===== MATERIAL FOR THIS EXERCISE

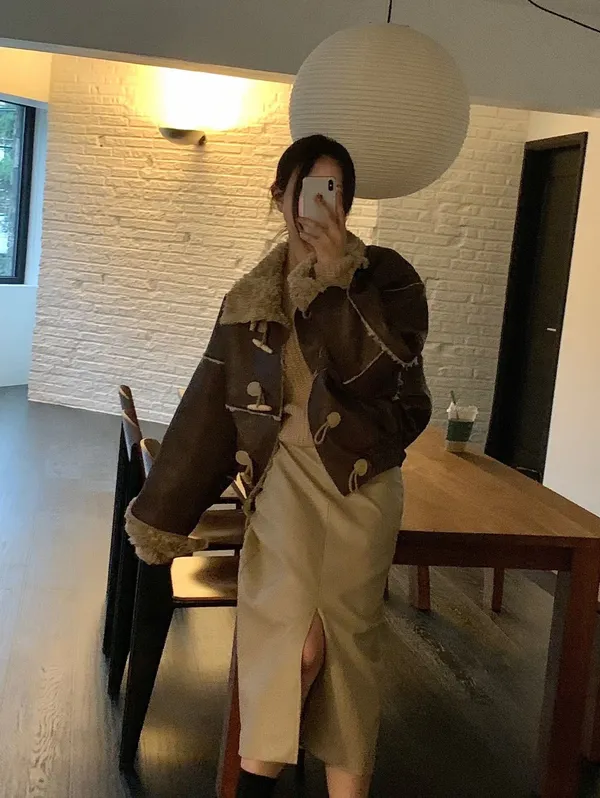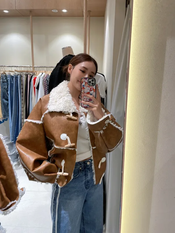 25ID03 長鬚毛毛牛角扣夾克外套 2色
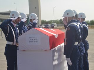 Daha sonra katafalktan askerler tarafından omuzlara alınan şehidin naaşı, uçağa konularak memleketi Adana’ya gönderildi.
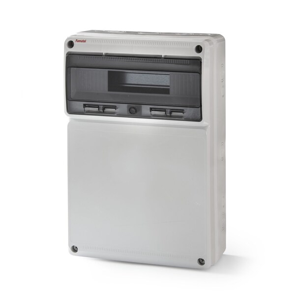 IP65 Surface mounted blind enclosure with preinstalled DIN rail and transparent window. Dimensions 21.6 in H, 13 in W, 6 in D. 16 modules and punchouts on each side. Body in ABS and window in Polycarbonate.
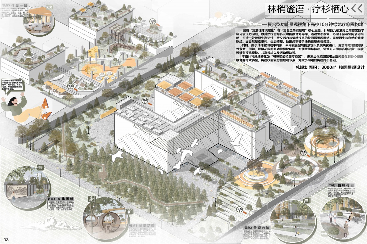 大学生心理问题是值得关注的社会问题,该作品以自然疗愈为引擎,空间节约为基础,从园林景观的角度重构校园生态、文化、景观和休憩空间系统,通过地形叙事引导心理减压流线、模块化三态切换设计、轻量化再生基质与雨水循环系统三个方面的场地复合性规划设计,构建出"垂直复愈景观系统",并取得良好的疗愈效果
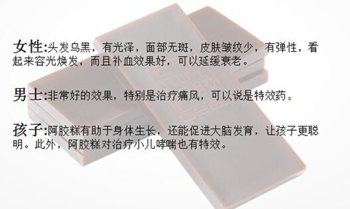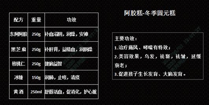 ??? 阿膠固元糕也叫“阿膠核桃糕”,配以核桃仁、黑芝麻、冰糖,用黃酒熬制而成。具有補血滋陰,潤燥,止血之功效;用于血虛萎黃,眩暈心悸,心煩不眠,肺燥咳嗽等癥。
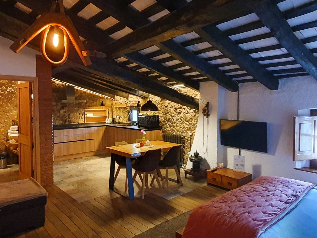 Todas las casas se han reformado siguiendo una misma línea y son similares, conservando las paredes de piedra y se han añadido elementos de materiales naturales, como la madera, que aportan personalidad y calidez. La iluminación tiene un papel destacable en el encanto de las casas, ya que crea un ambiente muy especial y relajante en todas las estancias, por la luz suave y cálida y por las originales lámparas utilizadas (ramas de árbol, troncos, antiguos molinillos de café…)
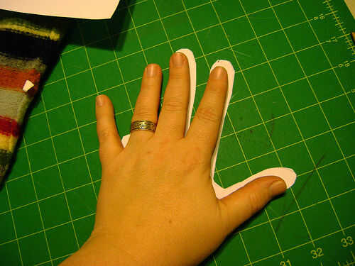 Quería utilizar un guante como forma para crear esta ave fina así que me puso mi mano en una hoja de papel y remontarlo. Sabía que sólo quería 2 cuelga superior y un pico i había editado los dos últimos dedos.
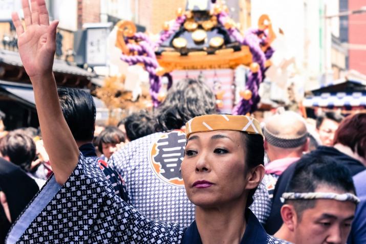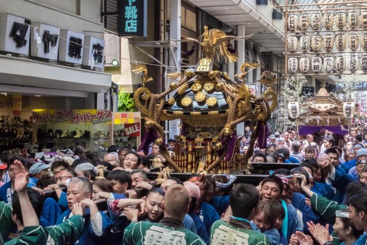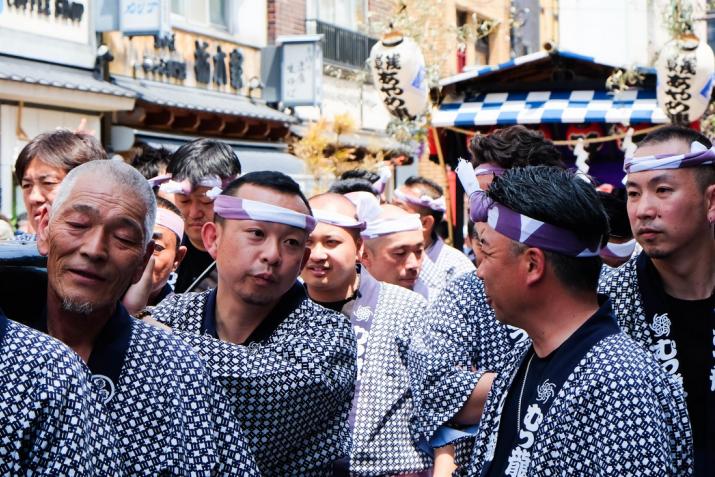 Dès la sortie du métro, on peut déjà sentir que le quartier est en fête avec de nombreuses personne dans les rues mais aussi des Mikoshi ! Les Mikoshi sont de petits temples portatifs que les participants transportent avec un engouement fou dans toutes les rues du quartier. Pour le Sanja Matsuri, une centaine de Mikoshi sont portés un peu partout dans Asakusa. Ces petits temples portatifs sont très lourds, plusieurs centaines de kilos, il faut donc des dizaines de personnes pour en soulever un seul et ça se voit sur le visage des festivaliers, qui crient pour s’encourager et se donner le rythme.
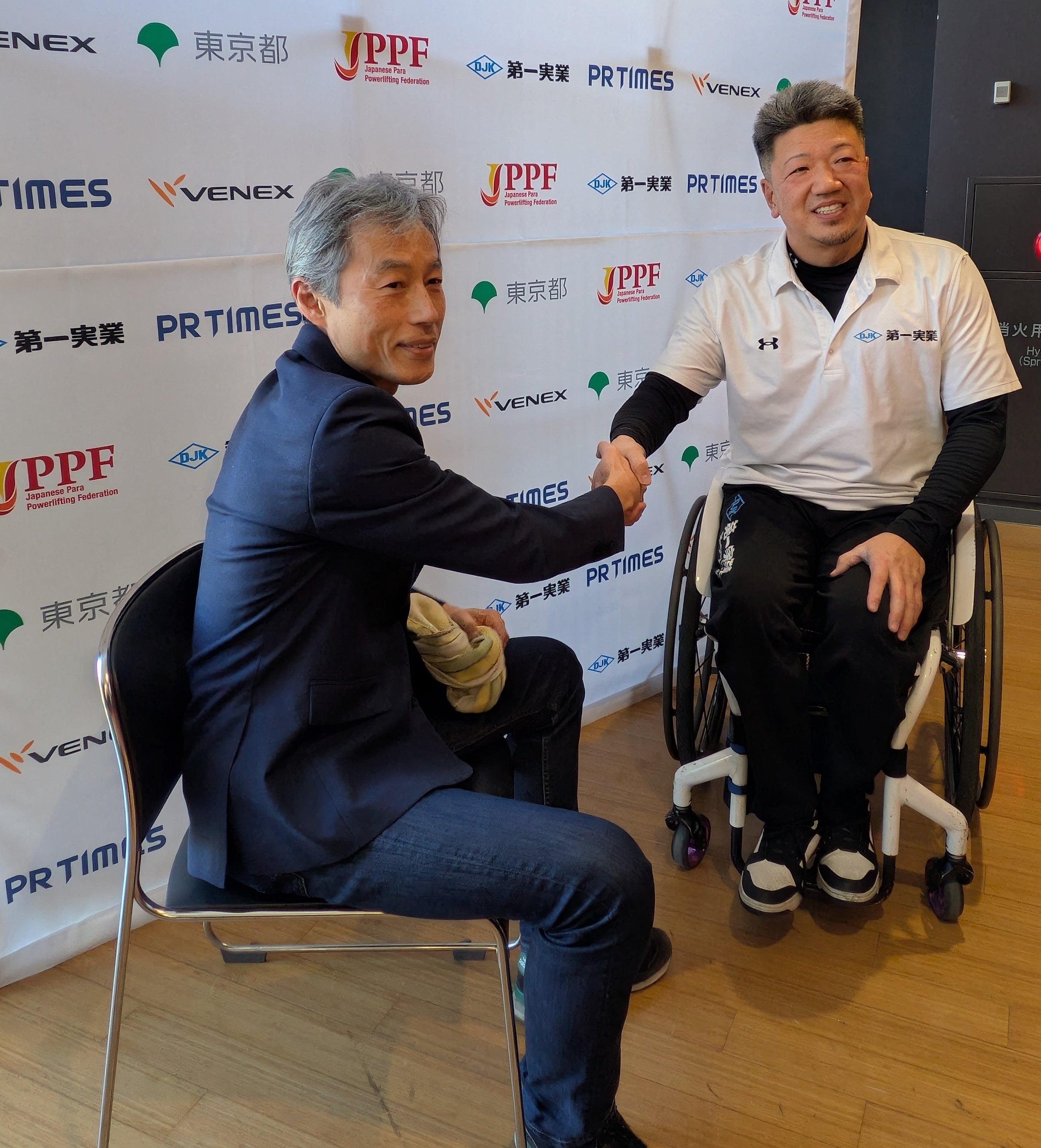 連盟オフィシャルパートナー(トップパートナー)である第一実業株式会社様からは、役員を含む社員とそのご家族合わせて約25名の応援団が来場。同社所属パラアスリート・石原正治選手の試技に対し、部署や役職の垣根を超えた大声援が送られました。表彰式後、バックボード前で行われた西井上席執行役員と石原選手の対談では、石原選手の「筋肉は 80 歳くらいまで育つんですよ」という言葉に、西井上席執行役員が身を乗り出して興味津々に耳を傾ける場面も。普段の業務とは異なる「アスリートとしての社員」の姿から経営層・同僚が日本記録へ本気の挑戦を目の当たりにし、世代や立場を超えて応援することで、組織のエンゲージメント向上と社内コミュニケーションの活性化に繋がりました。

==========

Your task is to retype the lines running from the one that contains "Dès la sortie" through the end of the records, and nothing else. Pictures are not part of the copy.

 Dès la sortie du métro, on peut déjà sentir que le quartier est en fête avec de nombreuses personne dans les rues mais aussi des Mikoshi ! Les Mikoshi sont de petits temples portatifs que les participants transportent avec un engouement fou dans toutes les rues du quartier. Pour le Sanja Matsuri, une centaine de Mikoshi sont portés un peu partout dans Asakusa. Ces petits temples portatifs sont très lourds, plusieurs centaines de kilos, il faut donc des dizaines de personnes pour en soulever un seul et ça se voit sur le visage des festivaliers, qui crient pour s’encourager et se donner le rythme.
 連盟オフィシャルパートナー(トップパートナー)である第一実業株式会社様からは、役員を含む社員とそのご家族合わせて約25名の応援団が来場。同社所属パラアスリート・石原正治選手の試技に対し、部署や役職の垣根を超えた大声援が送られました。表彰式後、バックボード前で行われた西井上席執行役員と石原選手の対談では、石原選手の「筋肉は 80 歳くらいまで育つんですよ」という言葉に、西井上席執行役員が身を乗り出して興味津々に耳を傾ける場面も。普段の業務とは異なる「アスリートとしての社員」の姿から経営層・同僚が日本記録へ本気の挑戦を目の当たりにし、世代や立場を超えて応援することで、組織のエンゲージメント向上と社内コミュニケーションの活性化に繋がりました。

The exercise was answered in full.